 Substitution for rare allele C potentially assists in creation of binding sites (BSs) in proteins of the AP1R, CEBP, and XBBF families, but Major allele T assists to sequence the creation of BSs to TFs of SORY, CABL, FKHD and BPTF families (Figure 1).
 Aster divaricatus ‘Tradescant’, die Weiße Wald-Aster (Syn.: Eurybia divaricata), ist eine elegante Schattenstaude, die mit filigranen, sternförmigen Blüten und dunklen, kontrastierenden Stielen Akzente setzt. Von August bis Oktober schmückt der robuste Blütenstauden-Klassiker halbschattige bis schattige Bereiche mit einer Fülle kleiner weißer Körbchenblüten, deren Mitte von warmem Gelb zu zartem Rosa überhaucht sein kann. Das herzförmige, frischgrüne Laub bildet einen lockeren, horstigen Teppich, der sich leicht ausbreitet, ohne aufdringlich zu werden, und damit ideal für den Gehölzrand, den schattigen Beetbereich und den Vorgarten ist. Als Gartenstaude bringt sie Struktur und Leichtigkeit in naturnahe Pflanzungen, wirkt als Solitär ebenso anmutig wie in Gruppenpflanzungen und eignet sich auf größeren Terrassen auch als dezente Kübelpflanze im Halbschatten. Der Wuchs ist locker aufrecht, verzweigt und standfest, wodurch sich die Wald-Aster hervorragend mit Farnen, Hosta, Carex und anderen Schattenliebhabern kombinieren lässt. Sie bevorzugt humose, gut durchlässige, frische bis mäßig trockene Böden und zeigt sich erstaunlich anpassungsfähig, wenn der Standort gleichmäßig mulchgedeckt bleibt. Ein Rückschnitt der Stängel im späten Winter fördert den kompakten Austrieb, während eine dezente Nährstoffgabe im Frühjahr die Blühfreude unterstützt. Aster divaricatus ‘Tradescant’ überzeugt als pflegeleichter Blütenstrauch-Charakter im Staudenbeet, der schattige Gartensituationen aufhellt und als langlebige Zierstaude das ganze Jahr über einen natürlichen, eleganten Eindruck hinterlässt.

---

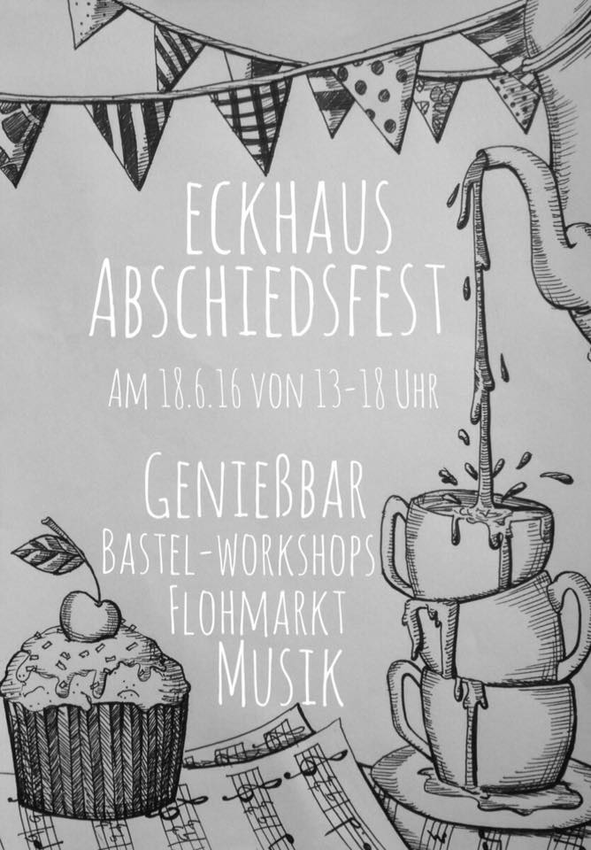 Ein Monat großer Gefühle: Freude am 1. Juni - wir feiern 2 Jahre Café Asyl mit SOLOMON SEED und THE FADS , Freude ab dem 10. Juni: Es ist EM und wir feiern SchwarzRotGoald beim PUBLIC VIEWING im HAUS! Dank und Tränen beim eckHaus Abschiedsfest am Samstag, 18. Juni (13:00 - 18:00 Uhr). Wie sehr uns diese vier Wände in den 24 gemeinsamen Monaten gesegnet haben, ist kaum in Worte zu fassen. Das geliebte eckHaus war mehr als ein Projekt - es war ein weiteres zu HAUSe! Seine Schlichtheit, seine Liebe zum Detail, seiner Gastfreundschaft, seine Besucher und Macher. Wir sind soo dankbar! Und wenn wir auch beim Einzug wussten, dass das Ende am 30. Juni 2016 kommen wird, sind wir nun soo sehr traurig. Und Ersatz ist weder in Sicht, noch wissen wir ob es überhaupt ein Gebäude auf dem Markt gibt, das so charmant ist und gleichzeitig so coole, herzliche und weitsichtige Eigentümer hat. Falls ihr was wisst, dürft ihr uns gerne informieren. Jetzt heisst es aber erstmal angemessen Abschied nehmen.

### [ACTION ITEM]
Extract exactly and only the lines above from the line containing "Substitution for rare" through the line containing "Aster divaricatus ‘Tradescant’, die", both end lines included.

### [RESULT]
 Substitution for rare allele C potentially assists in creation of binding sites (BSs) in proteins of the AP1R, CEBP, and XBBF families, but Major allele T assists to sequence the creation of BSs to TFs of SORY, CABL, FKHD and BPTF families (Figure 1).
 Aster divaricatus ‘Tradescant’, die Weiße Wald-Aster (Syn.: Eurybia divaricata), ist eine elegante Schattenstaude, die mit filigranen, sternförmigen Blüten und dunklen, kontrastierenden Stielen Akzente setzt. Von August bis Oktober schmückt der robuste Blütenstauden-Klassiker halbschattige bis schattige Bereiche mit einer Fülle kleiner weißer Körbchenblüten, deren Mitte von warmem Gelb zu zartem Rosa überhaucht sein kann. Das herzförmige, frischgrüne Laub bildet einen lockeren, horstigen Teppich, der sich leicht ausbreitet, ohne aufdringlich zu werden, und damit ideal für den Gehölzrand, den schattigen Beetbereich und den Vorgarten ist. Als Gartenstaude bringt sie Struktur und Leichtigkeit in naturnahe Pflanzungen, wirkt als Solitär ebenso anmutig wie in Gruppenpflanzungen und eignet sich auf größeren Terrassen auch als dezente Kübelpflanze im Halbschatten. Der Wuchs ist locker aufrecht, verzweigt und standfest, wodurch sich die Wald-Aster hervorragend mit Farnen, Hosta, Carex und anderen Schattenliebhabern kombinieren lässt. Sie bevorzugt humose, gut durchlässige, frische bis mäßig trockene Böden und zeigt sich erstaunlich anpassungsfähig, wenn der Standort gleichmäßig mulchgedeckt bleibt. Ein Rückschnitt der Stängel im späten Winter fördert den kompakten Austrieb, während eine dezente Nährstoffgabe im Frühjahr die Blühfreude unterstützt. Aster divaricatus ‘Tradescant’ überzeugt als pflegeleichter Blütenstrauch-Charakter im Staudenbeet, der schattige Gartensituationen aufhellt und als langlebige Zierstaude das ganze Jahr über einen natürlichen, eleganten Eindruck hinterlässt.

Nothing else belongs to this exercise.